Scientific classification
- Kingdom: Plantae
- Clade: Embryophytes
- Clade: Tracheophytes
- Clade: Angiosperms
- Clade: Eudicots
- Clade: Asterids
- Order: Gentianales
- Family: Gentianaceae
- Genus: Centaurium
- Species: C. scilloides
- Binomial name: Centaurium scilloides (L.f.) Samp.
- Synonyms: Erythraea scilloides (L.f.) Chaub. ex Puel; Centaurium portense; Centaurium massonii hort.;

= Centaurium scilloides =

- Genus: Centaurium
- Species: scilloides
- Authority: (L.f.) Samp.
- Conservation status: EN
- Synonyms: Erythraea scilloides (L.f.) Chaub. ex Puel, Centaurium portense, Centaurium massonii hort.

Species of plant

Centaurium scilloides, also known as perennial centaury, is a flowering plant in the family Gentianaceae. It is native to Atlantic Europe (England, western France and the northwestern Iberian Peninsula) and the Azores. Plants from the Azores have white flowers (as opposed to pink) and are genetically different with some treating it as a different species.

==History==
The species has been in cultivation in Britain since being introduced probably from the Azores by William Aiton in 1777. In 1781, Carl Linnaeus the Younger described the species as Gentiana scilloides, after F. Masson returned with a specieman from Azores.
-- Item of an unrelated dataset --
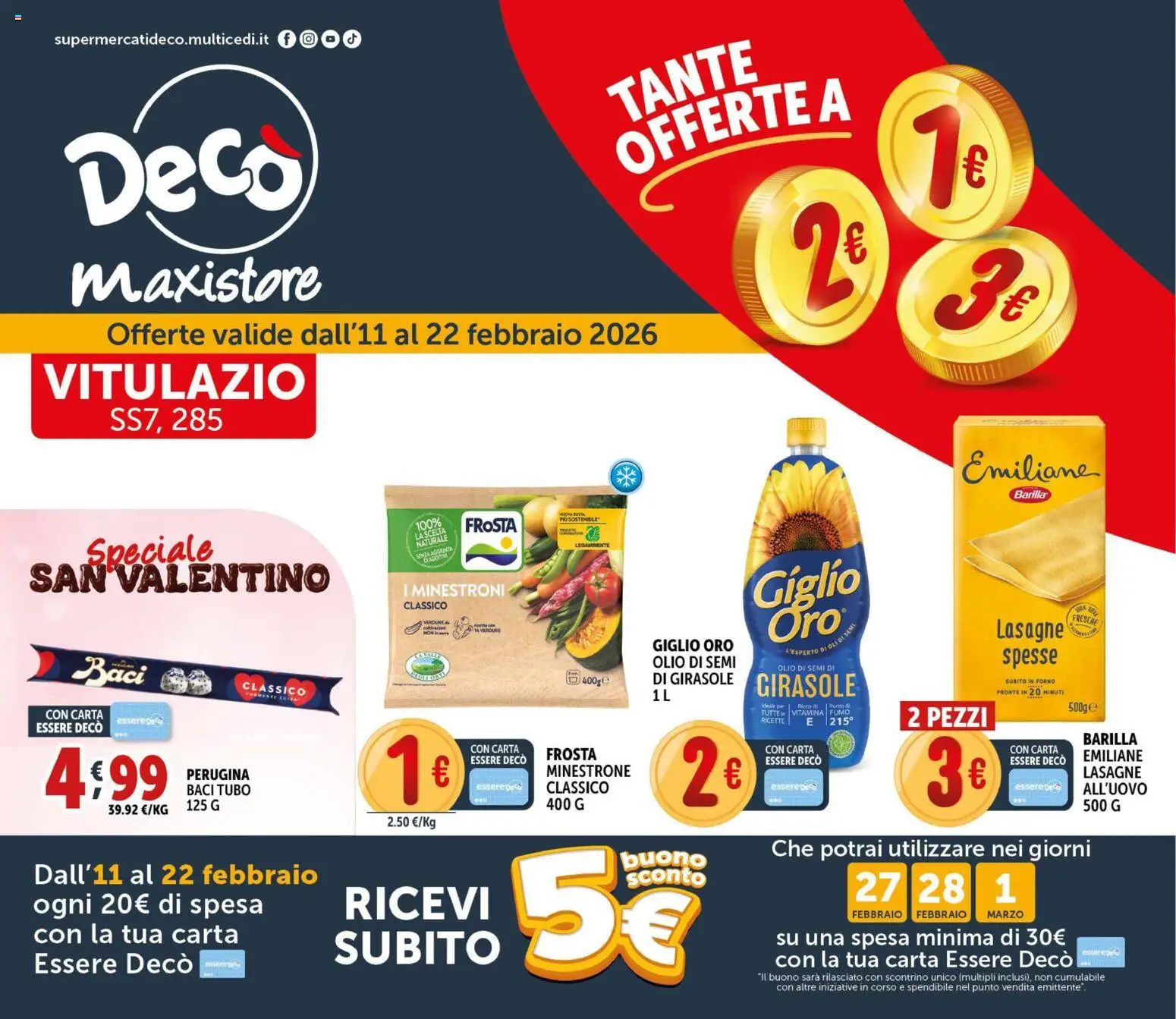 Il nuovo volantino Decò è sfogliabile online comodamente da casa o dal tuo smartphone, così puoi scoprire in pochi secondi tutte le offerte attive. All’interno troverai informazioni chiare su quali prodotti sono in sconto e fino a quando sono validi (11/02/2026 - 22/02/2026), per aiutarti a cogliere al volo le promozioni prima che finiscano. Ogni settimana sono disponibili sconti su alimentari freschi, prodotti per la casa e articoli stagionali, perfetti per pianificare la spesa senza stress e con il massimo risparmio!

Before its extinction in England in 1967, Centaurium scilloides was abundant in Cornwall, S.W. England where it was recorded from two settlements Porthgwarra and St Levan between 1952–1967. It survived in Pembrokeshire, Wales where it grows in Newport since its discovery there in 1918. In 2012, the species was recorded from the Azores, but was proven to be of different species.

==Description==
It is a perennial, herbaceous species, growing to a maximum height of 15 cm.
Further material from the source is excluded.